Polycythaemia vera blood count

Polycythaemia vera (PV, primary polycythaemia, Vaquez's disease) is a disease with a high number of erythrocytes + high concentration of Hb → increases blood viscosity + arterial thrombotisation (cause of death is thrombosis of coronary + cerebral arteries ).

Pathogenesis[edit | edit source]

Clonal proliferation of a pluripotent hematopoietic stem cell, kt. differentiates mainly into the erythrocyte line;
increased sensitivity of BFU-E progenitors to the effects of erythropoietin;
the possibility of differentiation into erythroid precursors even without erythropoietin;
there is also a slight increase in bb. other rows.

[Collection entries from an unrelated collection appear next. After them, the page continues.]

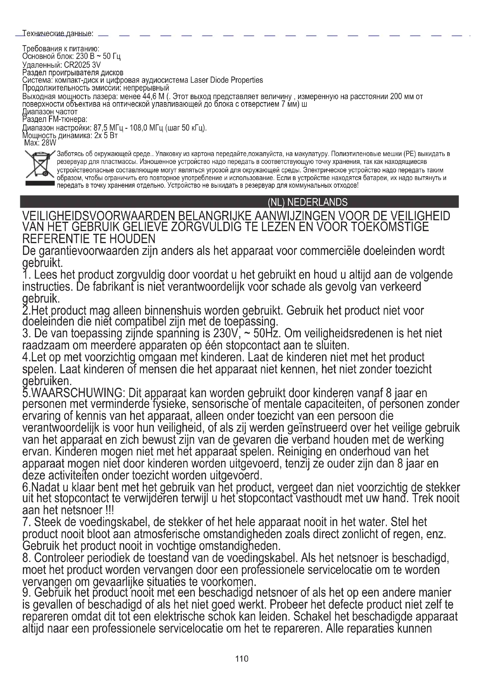- Als het voorpaneel vuil of vlekkerig wordt met vingerafdrukken, kan het worden schoongemaakt met een zachte doek die lichtjes is bevochtigd met een milde zeep- en wateroplossing. Gebruik nooit schurende doeken of poetsmiddelen, omdat deze de afwerking van uw apparaat beschadigen. LET OP: Zorg ervoor dat er tijdens het schoonmaken nooit water of andere vloeistoffen in het apparaat komen Technische data:117 We geven om het milieu. We vragen u om de kartonnen verpakkingen te storten bij het oud papier. Polyethyleen zakken (PE) storten in de container voor plastic . Versleten apparatuur afgeven bij het juiste verzamelpunkt, als in het apparatuur gevaarlijke elementen zitten kan dat een bedreiging zijn voor het milieu. Elektrisch apparatuur moet worden geretourneerd om het hergebruik te verminderen. Als in het apparatur batterijen ziiten, horen die verwijderd te worden en appart af te worden gegeven bij het juiste verzamelpunkt.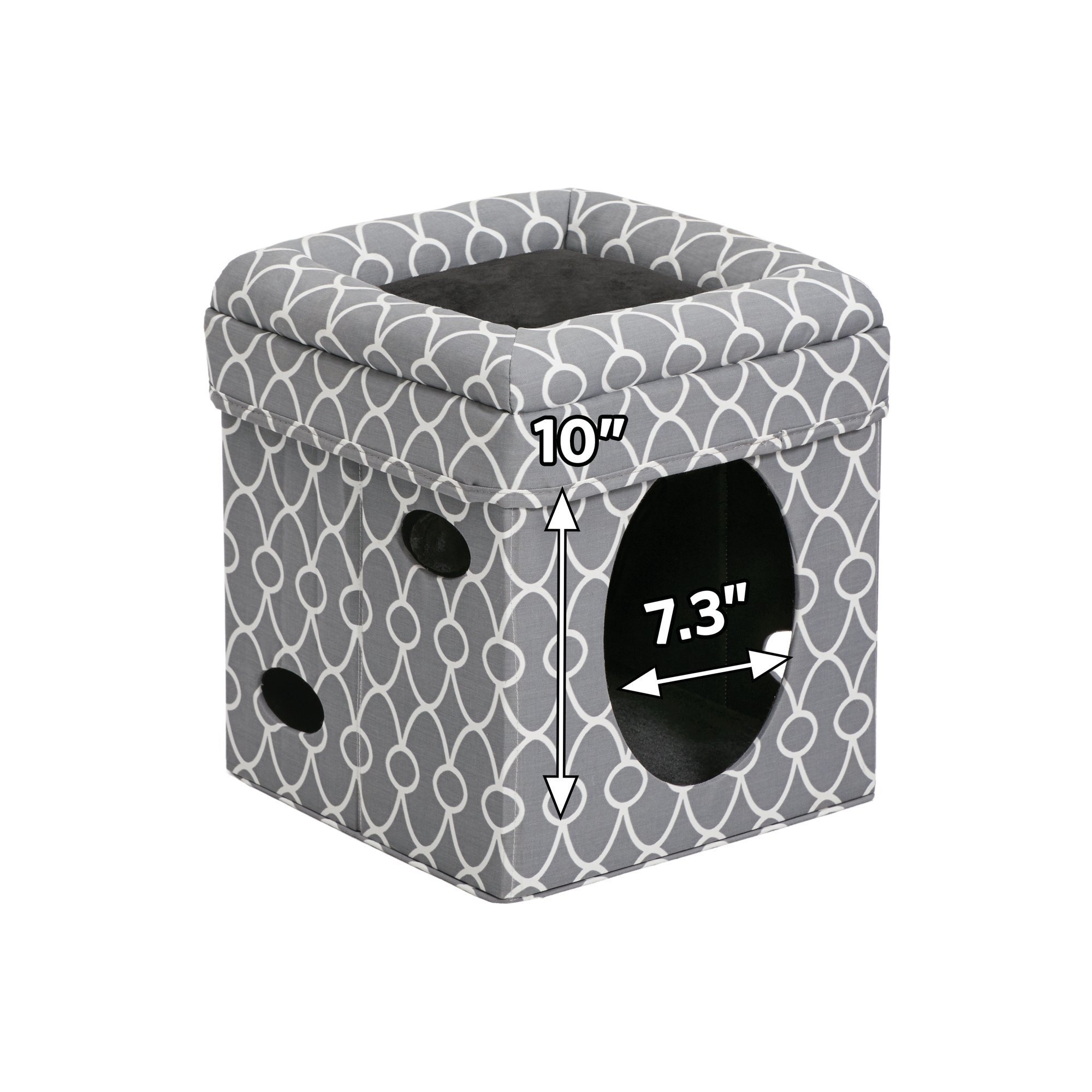 • Curious Cat Cube measures 15.5"W x 15.5"L x 16.5"H when assembled, features gray / geometric designer print fabric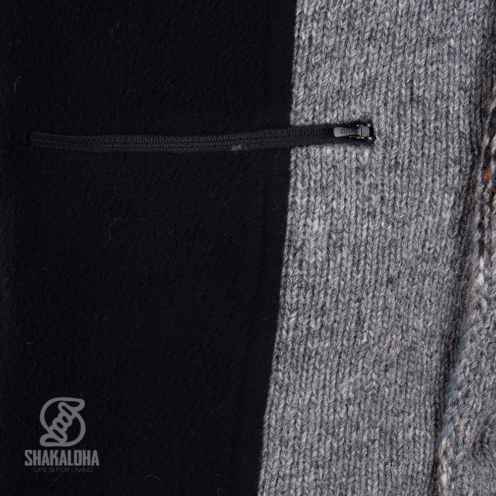 Giacca in lana foderata in pile, in stile blazer, con stampa sudamericana. Righe verticali in grigio chiaro, antracite e marrone. Il gilet ha tasche laterali, una tasca interna e gli esclusivi bottoni Shakaloha.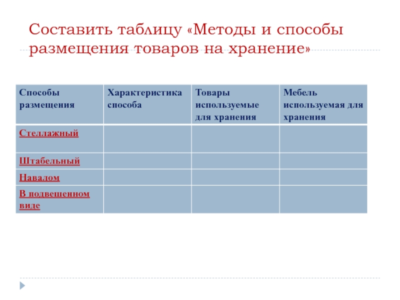 Слайд 30Составить таблицу «Методы и способы размещения товаров на хранение»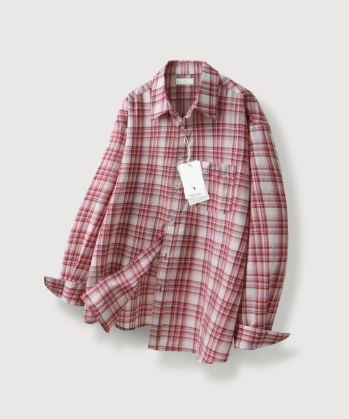 피치 밀크 체크 셔츠_Red
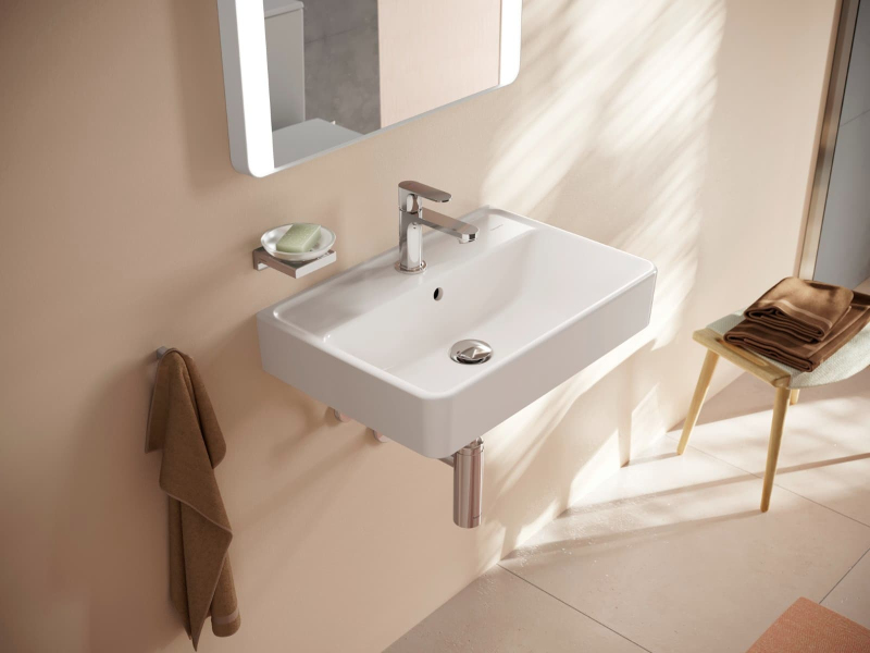 Umyvadlo v bílé barvě s otvorem pro baterii uprostřed od výrobce Hansgrohe ze série Xanuia Q. Rozměry produktu jsou 60x37x10,5 cm.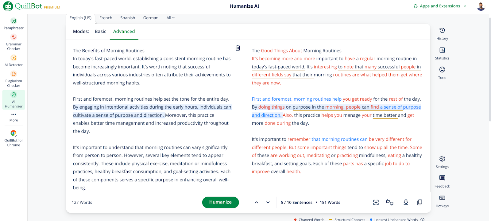 Anyway, I used one of Grammarly’s default voices for the test. The text sample was the same I used for QuillBot, a short 100% AI-written essay on “The Benefits of Morning Routines”.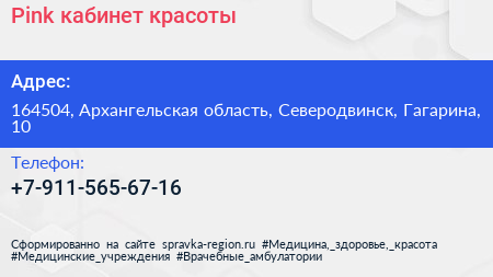 Pink, кабинет красоты по адресу 164504, Архангельская область, Северодвинск, Гагарина, 10 в дальнейшем Организация, размещена в следующих категориях:

Clinical picture[edit | edit source]

Headache , dizziness , etc.,
digestive problems, frequent Gastroduodenal ulcer disease ,
pruritus,
frequent bleeding / conversely arterial and venous thrombotic events, incl. coronary artery obliteration,
Arthritis uratica (gout),
brownishness, cyanosis ,
splenomegaly (in advanced stages up to the pelvis).

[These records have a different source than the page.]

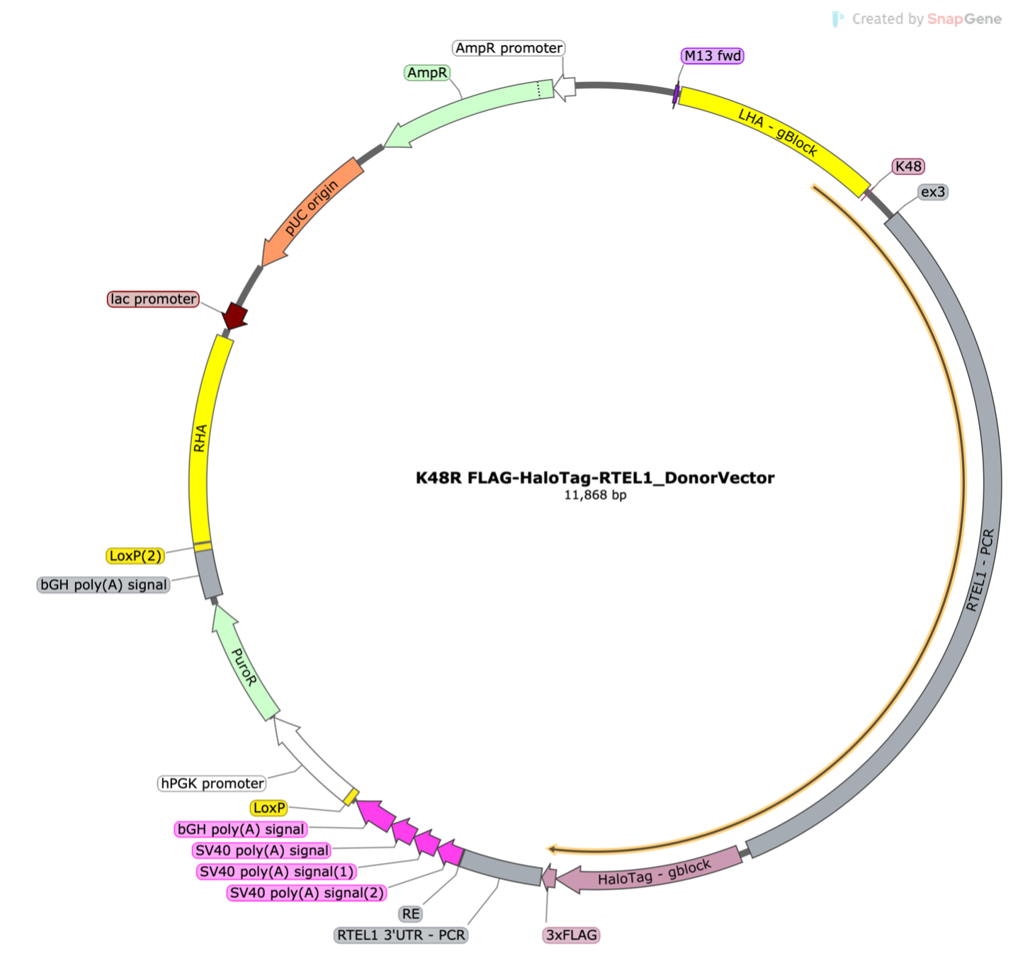 PurposeHR Donor for K48R C-terminal FLAG-HaloTag-RTEL1 fusion in human cells. Includes Puro selection marker.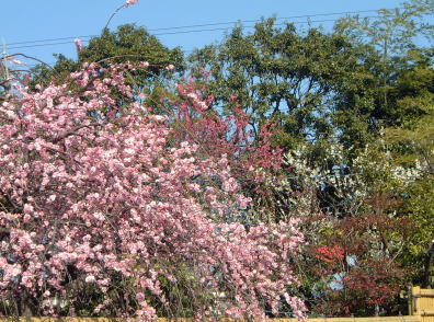 桜の花のように見えますが、3月の中旬ですし、これは明らかに梅の花ですよね。最近は花の色が似通っているので梅と桜の区別もできなくなってしまいました。右の写真はピラカンサではありませんよ。これも梅の木だと思います。鮮やかな赤い色が美しかったのですが、撮影した時間が夕方で光量が足りなかったので、今度はつぼみが開いた頃に明るい太陽光の下で撮影してみたいと思います。(2006年3月12日夕方撮影)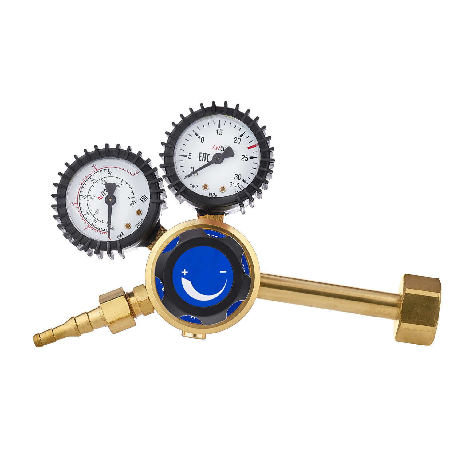 Оснащен манометром высокого давления, который отображает показания давления в баллоне, и манометром-расходомером для настройки расхода углекислого газа или аргона.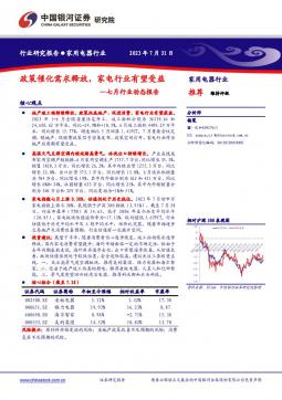 [家电家居]2023-08-01-中国银河-家用电器行业七月行业动态报告:政策催化需求释放,家电行业有望受益-16页(银创产业通www.chanyetong.net)(银创产业通www.chanyetong.net)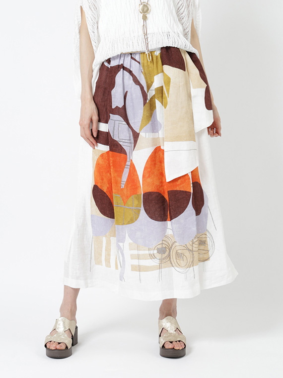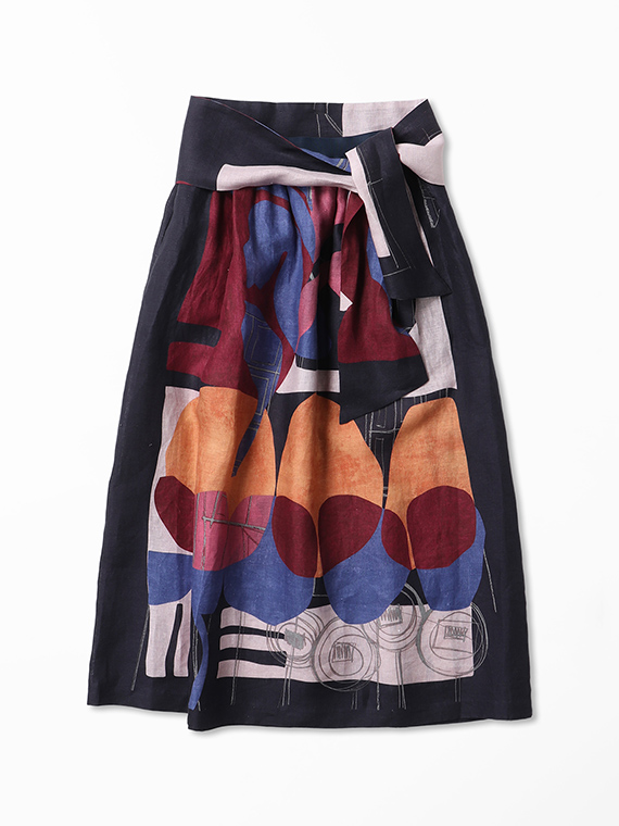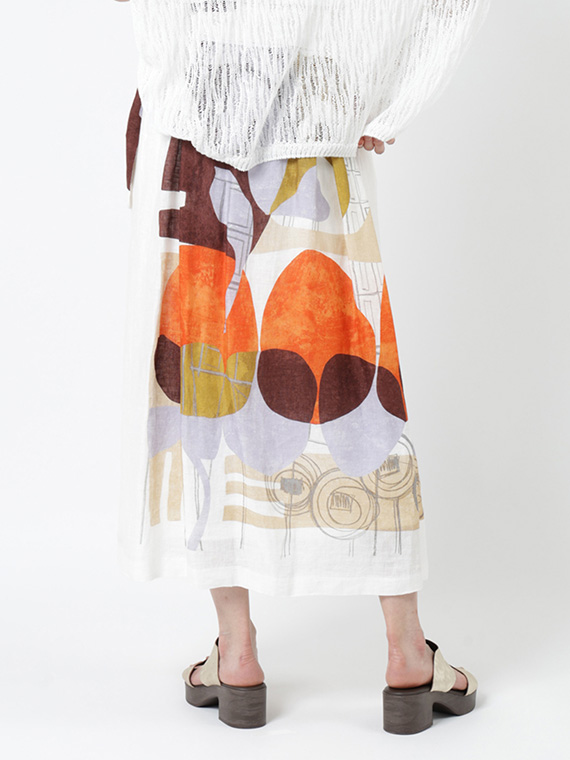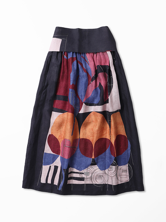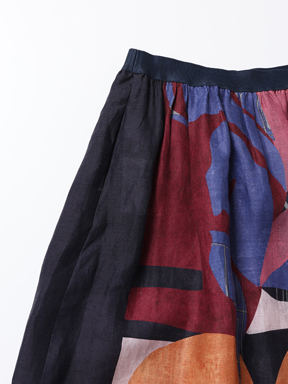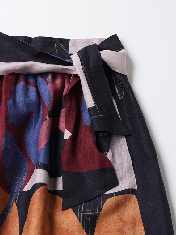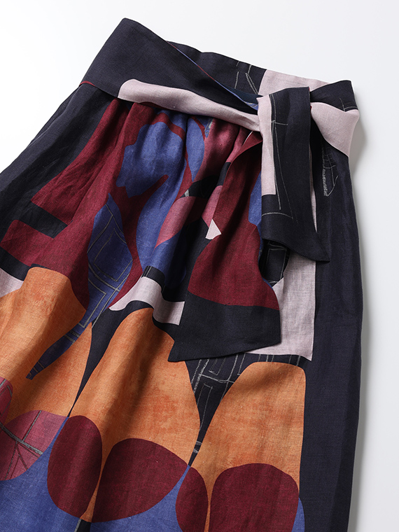 大胆で美しい柄を存分に堪能していただくため、デザインはあえてシンプルに徹したスカートです。

Diagnostics a diff. dg.[edit | edit source]

Increased value of Hb + HTK (50-70%),

can be masked if plasma is also increased;

there may be leukocytosis + a slight shift to the left,
often also thrombocytosis,
blood oxygen saturation < 92% can be the cause of secondary polyglobulia ,
low ferritin values more common in primary polycythemia than in secondary polyglobulia; concentration of vitamin B12 + its binding capacity increased, conc. folate reduced,
in PV, the concentration of endogenous erythropoetin is reduced,
the histological height is essential. bone marrow (PV image different from reactive polyglobuli) + molecular-biological examination,
dg. PV rests hl. in the detection of general signs of myeloproliferative disease, in the case of embarrassment to exclude a secondary cause (difficult),
frequent thrombotic/bleeding events (in patients with secondary polyglobulia few).

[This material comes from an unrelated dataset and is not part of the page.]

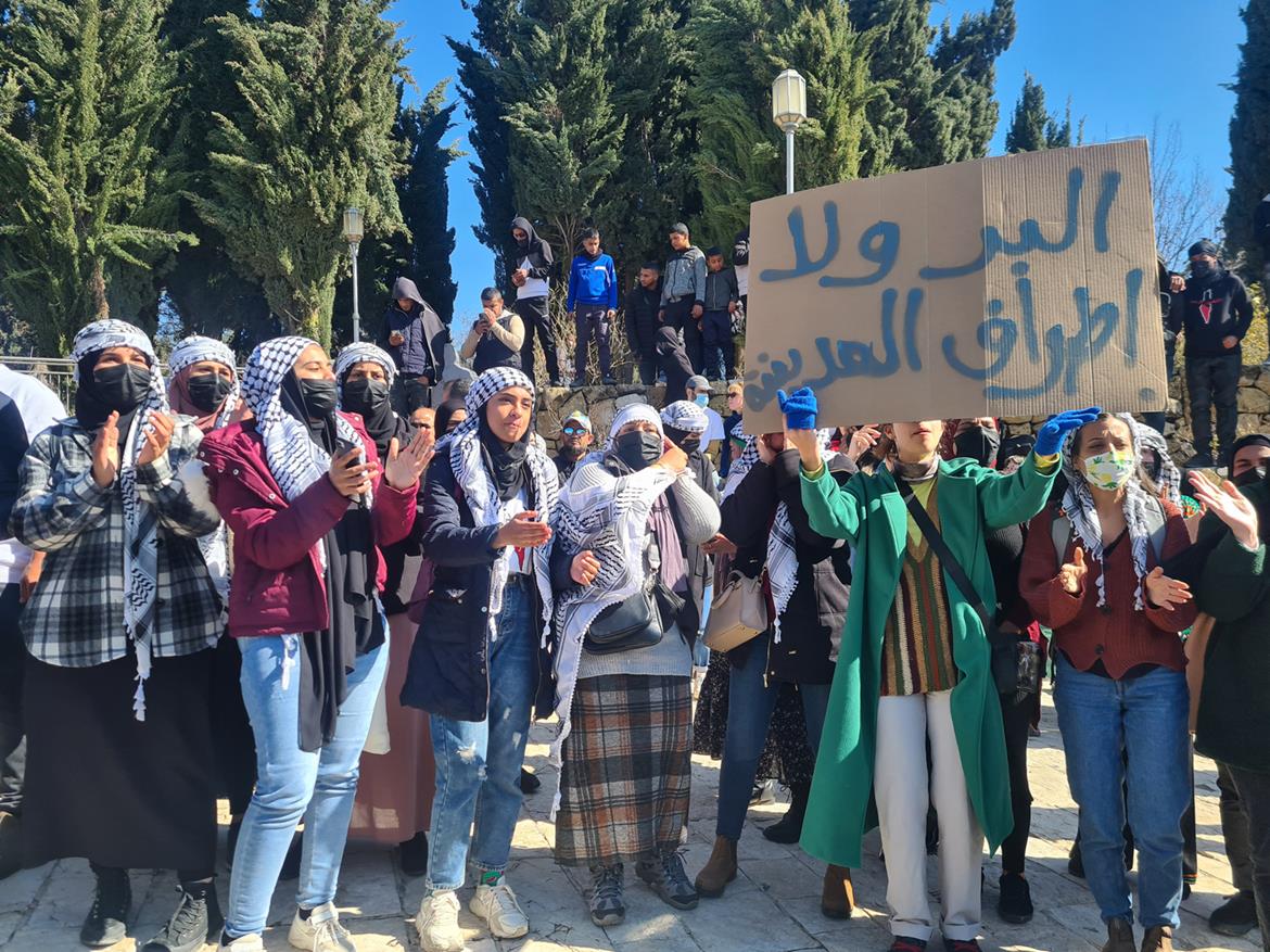 القدس 30-1-2022 وفا- شارك المئات من أبناء شعبنا في أراضي الـ48، اليوم الأحد، في وقفة نظمت أمام مكاتب حكومة الاحتلال، تنديدا بالهجمة الشرسة التي تواجهها قرى منطقة النقب.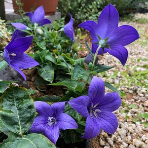 キキョウ アストラブルー 乱れ咲き この種は地面に近いから 雨が降ると泥だらけ 根元に砂利を敷いてみた

Therapy[edit | edit source]

Medical venipuncture , erythrocytapheresis (more expensive, exceptionally),
IFN-α ,
hydroxyurea,
anagrelide + therapeutic venipuncture in patients resistant to IFN + hydroxyurea,
treatment of pruritus + hyperuricemia .

Prognosis[edit | edit source]

Average survival 15 years,
cause of death: thrombosis, acute leukemia , other cancer, bleeding , etc.^[1]^[2]

Summary video[edit | edit source]

Links[edit | edit source]

Reference[edit | edit source]

↑ NEČAS, Emanuel. Patologická fyziologie orgánových systémů : Část I. 2. edition. V Praze : Karolinum, 2009. 379 pp. ISBN 978-80-246-1711-4.
↑ DÍTĚ, P.. Vnitřní lékařství. 2. edition. Praha : Galén, 2007. ISBN 978-80-7262-496-6.